JP Izambert

 Pourrais-tu te présenter en quelques mots ?

Je m’appelle Jean Philippe Izambert, j’ai 45 ans et je crois qu’il m’a fallu déjà tout ce temps pour commencer à donner du sens au mot bonheur !

Je me présente comme un « ingénieur humaniste ».

Ingénieur parce que j’ai une approche très structurée et très cartésienne, qui rassure mes interlocuteurs dans des situations très complexes, dans lesquels j’interviens : le développement du leadership, le développement d’équipes et le développement des organisations dans le cadre de projets industriels stratégiques.

Ingénieur aussi parce que j’ai exercé des fonctions managériales dans l’industrie pendant les quasi vingt premières années de ma carrière, au sein d’un grand groupe automobile ; et aujourd’hui le secteur industriel et des services sont mes principaux clients.

Humaniste car je suis très attaché à l’aspect sensible, à l’ouverture, la solidarité et au sens dans le travail, et dans la vie, qui sont les moteurs individuels et collectifs de l’épanouissement de chacun.

D’ingénieur humaniste, j’en ai fait mon métier de coach en accompagnement managérial depuis deux ans en région lyonnaise et stéphanoise principalement.

Comment ? J’interviens dans des périodes de bascule au niveau stratégique et organisationnel pour soutenir un manager dans la mobilisation de ses équipes à conduire un projet de changement important. J’ai une approche systémique et une approche par le dialogue constructiviste pour permettre aux acteurs d’aligner leurs représentations, leurs finalités et in fine d’agir ensemble de manière cohérente et coopérative.

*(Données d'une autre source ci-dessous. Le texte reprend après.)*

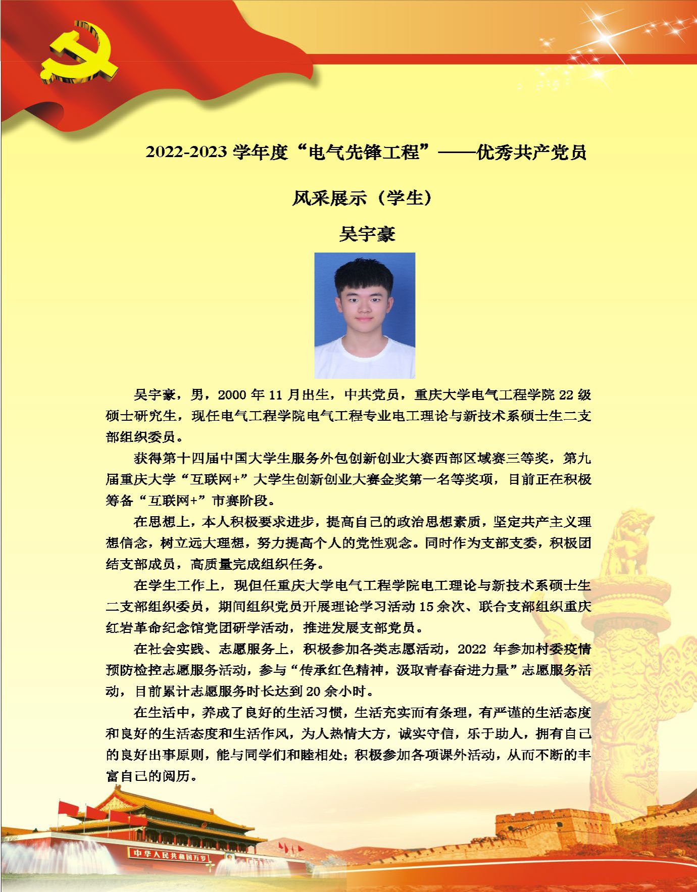 【党员风采】电工理论与新技术系硕士生二支部吴宇豪

Ma récompense ? Rien ne me fait plus plaisir que de ressentir une équipe, qui était dans une forme de passivité, se mettre en mouvement ensemble. J’aime percevoir ces chaînes invisibles dans les relations qui se brisent et le bonheur dans l’action collective (au sens du flow de M. Csikszentmihalyi) parce que les acteurs ont su nommer les choses correctement.

Pourquoi as-tu décidé de t’engager à la Fabrique Spinoza ?

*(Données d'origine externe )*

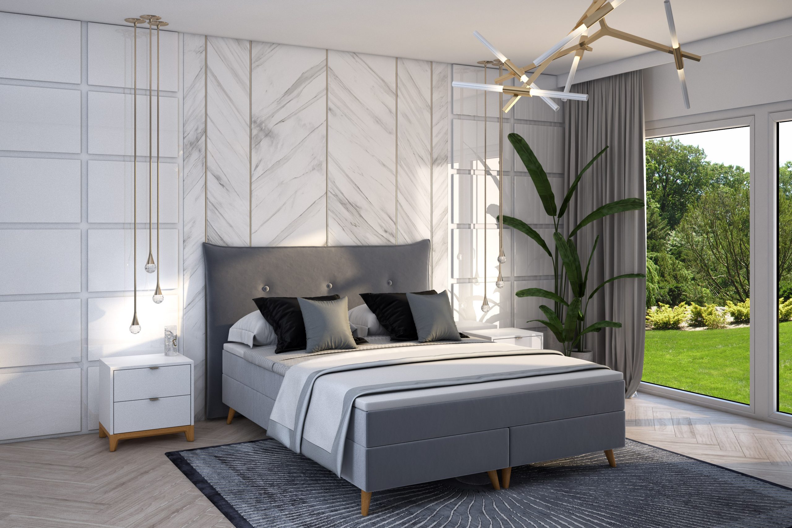 Lekka forma i poduszkowy styl zagłówka tworzą doskonałą kompozycje Która doskonale dopełni wyglądu nowoczesnej przytulnej sypialni.

J’ai participé à la première université du Bonheur au travail en octobre 2015. J’ai apprécié mes contacts avec les organisateurs et la dynamique collective pour faire évoluer notre société, nos entreprises et notre façon de penser en général. Je crois que nous sommes à un moment charnière de notre civilisation (même si le mot peut paraître fort) et je préfère l’épanouissement éthique, solidaire à l’aveuglement consumériste et agressif.

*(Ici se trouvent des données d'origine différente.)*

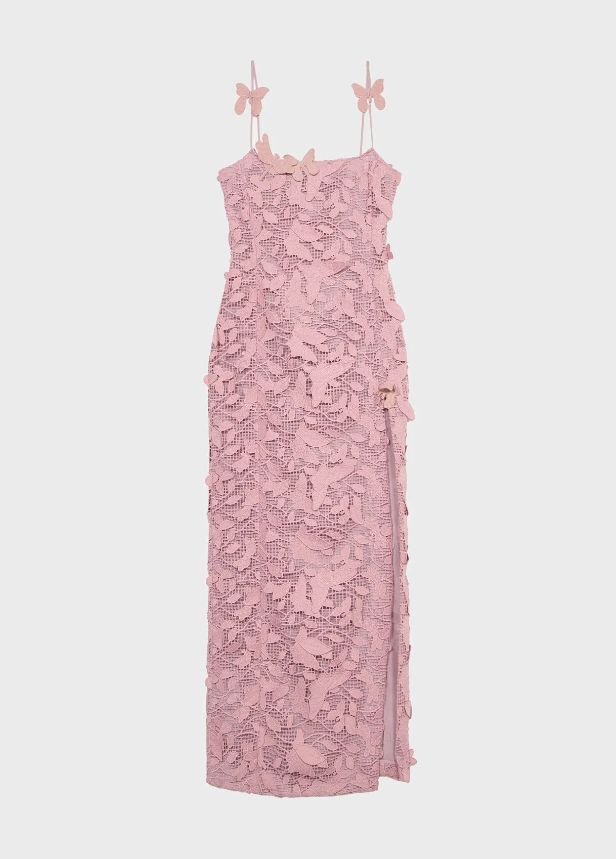 Long dress in 3D macrame lace on a mesh base, side slit. - 3D macrame lace on mesh base - 3D butterflies applied - Column silhouette - Sleeveless - Straps - Straight neckline - Deep slit on one leg - Back neckline - Back zip closure with inner lining - Ankle length Regular fit DETAILS To find the correct size for you, please consult the Size Guide. Composition: Main fabric: 100% Polyester | Lining: 100% Polyester Gently wash at max 30°C; Do not bleach; Do not tumble dry; Iron at low temperature - no steam; Dry clean with tetrachlorethylene or hydrocarbons - delicate process; Wash inside out; Gentle spin; Wash in a mesh bag; Iron inside out

J’ai mis du temps à réellement prendre ma place en 2016 et 2017 parce que comme je le disais au début de ma présentation, le mot bonheur, ne faisait pas sens totalement pour moi par rapport à mon histoire personnelle et aux situations que je rencontre dans l’industrie. Et sans faire sens, j’ai beaucoup de mal à me mobiliser.

Quel est ton rôle au sein de ton groupe ?

Je tiens le rôle d’animateur du groupe à Lyon. Nous nous réunissons une fois par mois, en général le premier lundi de chaque mois . Nous avons une nouvelle dynamique depuis 2018 avec l’arrivée de nouvelles personnes très motivées au sein du groupe.

Je considère ma mission comme celle d’un référent pour permettre au groupe d’avoir du temps pour apprendre à se connaître, trouver nos modes de fonctionnement et lancer des actions à la hauteur de nos disponibilités et de nos moyens actuels. Je partagerai très vite le rôle une fois le groupe en place.

Quelles sont les prochaines échéances de ton groupe de travail ?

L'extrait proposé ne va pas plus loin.